TASK TO COMPLETE ▸ The line containing "Hashim Nagar, Langar" marks the end: extract everything from the first line of the data through that line, exactly, with no pictures.

GIVEN DATA ▸
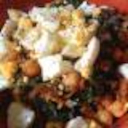 ESPINACAS SALTEADAS CON GARBANZOS Y HUEVO DURO
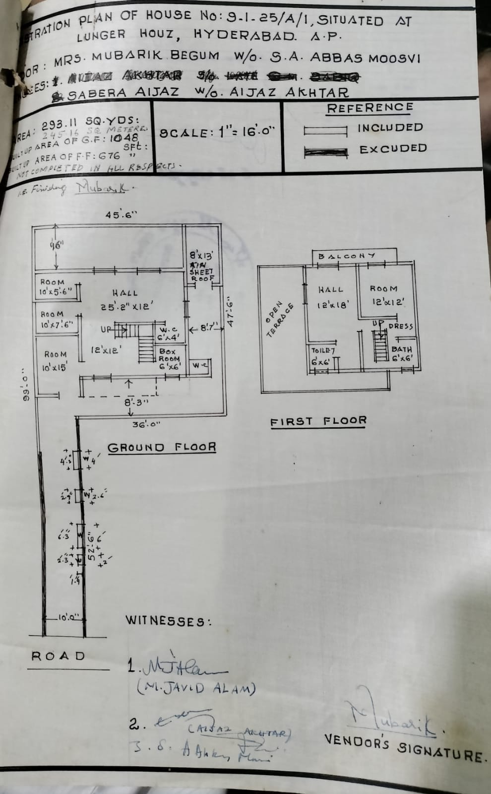 Hashim Nagar, Langar House: Area total, 293.11 sq yard, Built up area: Gf 1048, 1Fl. 676, total 1724 sq ft.
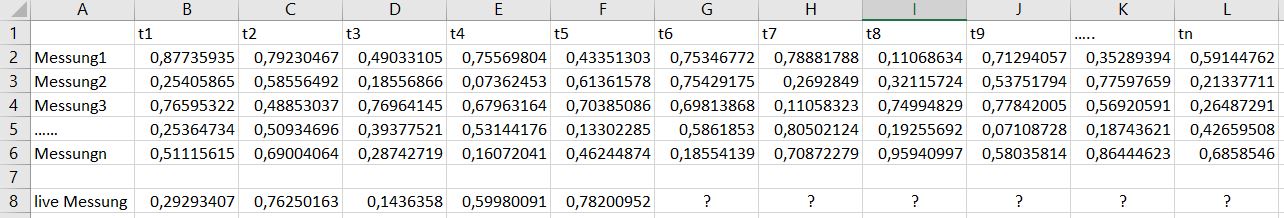Die Maschine durchläuft den Prozess der Fertigung immer wieder. In der Liste sind die Messungen 1 bis n die, die schon in der Vergangenheit gelaufen sind, also abgeschlossen. Die live Messung ist die, die sich gerade in der Produktion befindet und bis t5 vorangeschritten ist. t6 ist noch nicht erfolgt und soll nun predictet werden. Dazu sollen aber nach Möglichkeit nicht die vorangegangenen Werte aus der Reihe berücksichtigt werden, sondern aus den Messungen 1 bis n gelernten Messungen vorhergesagt werden, unter Berücksichtigung des bisherigen Verlaufes. Ob die folgenden Werte, die noch nicht eingetreten sind dann iterativ predicted werden oder auf einem anderen Wege ist offen.
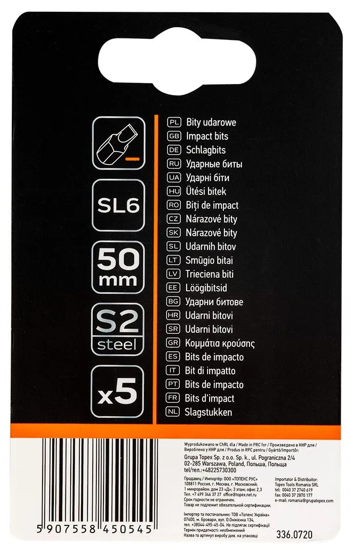 Ударні біти S2, 50 мм, 09-581, NEO, також відомі як наконечники, є набором з 5 професійних ударних біт типу SL6. Вони призначені для гайковертів 1/4”. Оснащені системою, що запобігає вислизанню наконечника з гнізда.
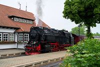Stoomlocomotief van de Brockenbahn in het station van de stad Wernigerode aan de rand van het Harz National Park in Duitsland. Toeristen uit de hele wereld maken gebruik van de historische Brockenbahn om naar de top van de Brocken te reizen.
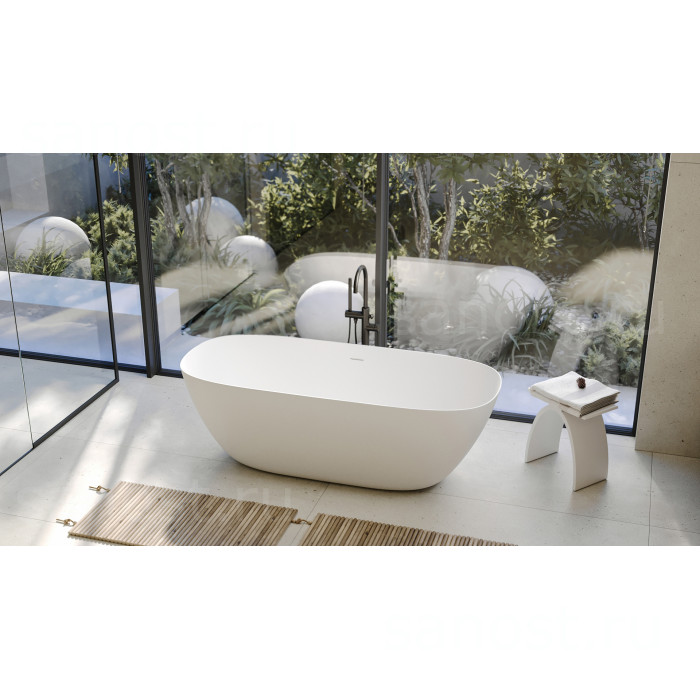 Ванна из искусственного камня ABBER Stein AS9612-1.7 белая матовая универсальная отдельностоящая, материал искусственный камень, объём 225 литров. Германия. Гарантия 10 лет.
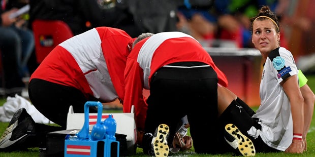 Es war der Schockmoment im Spiel gegen Frankreich: Henry foult Schnaderbeck schwer, die Kapitänin humpelt vom Platz. Diagnose: Rissquetschwunde am Sprunggelenk. Nun droht der Ausfall gegen Island. "Die Verletzung ist sehr tief. Wir müssen abwarten, wie sich das entwickelt", so Coach Thalhammer.
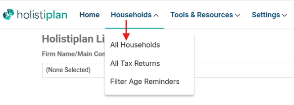 Deleting a household will delete all information associated with it, including uploaded returns, Scenarios, Tax Letters, and all reports. There are 2 methods that can be used to remove households. The first would be to head to your households listing page, found under the tab "Households" >> "All households."
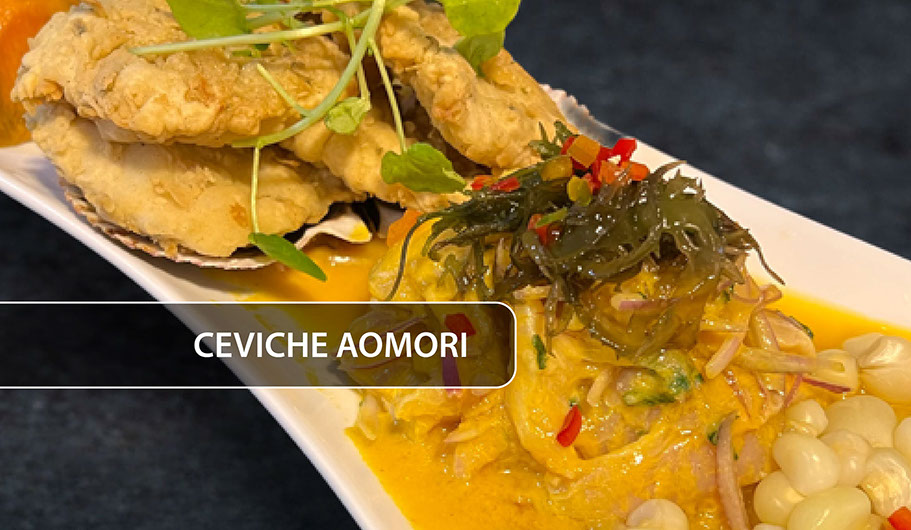 Ceviche de reineta, Al Mejor Estilo Peruano Con Chicharrón De Calamar, Yuyo, Camotes, Chifles, Choclo.
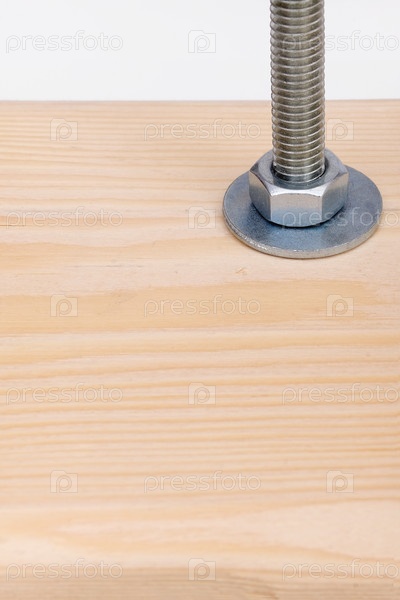 Длинный металлический винт, изолированный на деревянном фоне
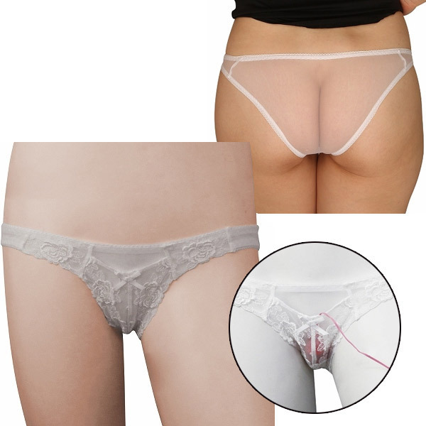 ホワイトシースルーとフラワーレースで視線をキャッチ!フロントポケット付きのレディースショーツ。透け感のあるフローラルレースのフロントにお手持ちのローターを収納できるポケット付きランジェリー!後姿はセクシーなホワイトシースルーのフルバックタイプです。※ローターは付属しておりません。
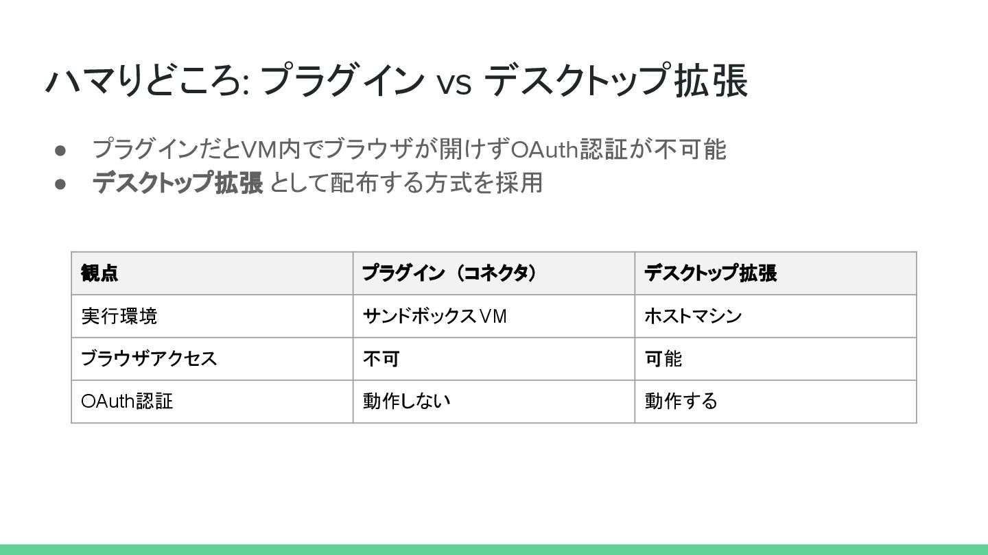 ハマりどころ: プラグイン vs デスクトップ拡張 • プラグインだとVM内でブラウザが開けずOAuth認証が不可能 • デスクトップ拡張 として配布する方式を採用 観点

YOUR SOLUTION ▸
 ESPINACAS SALTEADAS CON GARBANZOS Y HUEVO DURO
 Hashim Nagar, Langar House: Area total, 293.11 sq yard, Built up area: Gf 1048, 1Fl. 676, total 1724 sq ft.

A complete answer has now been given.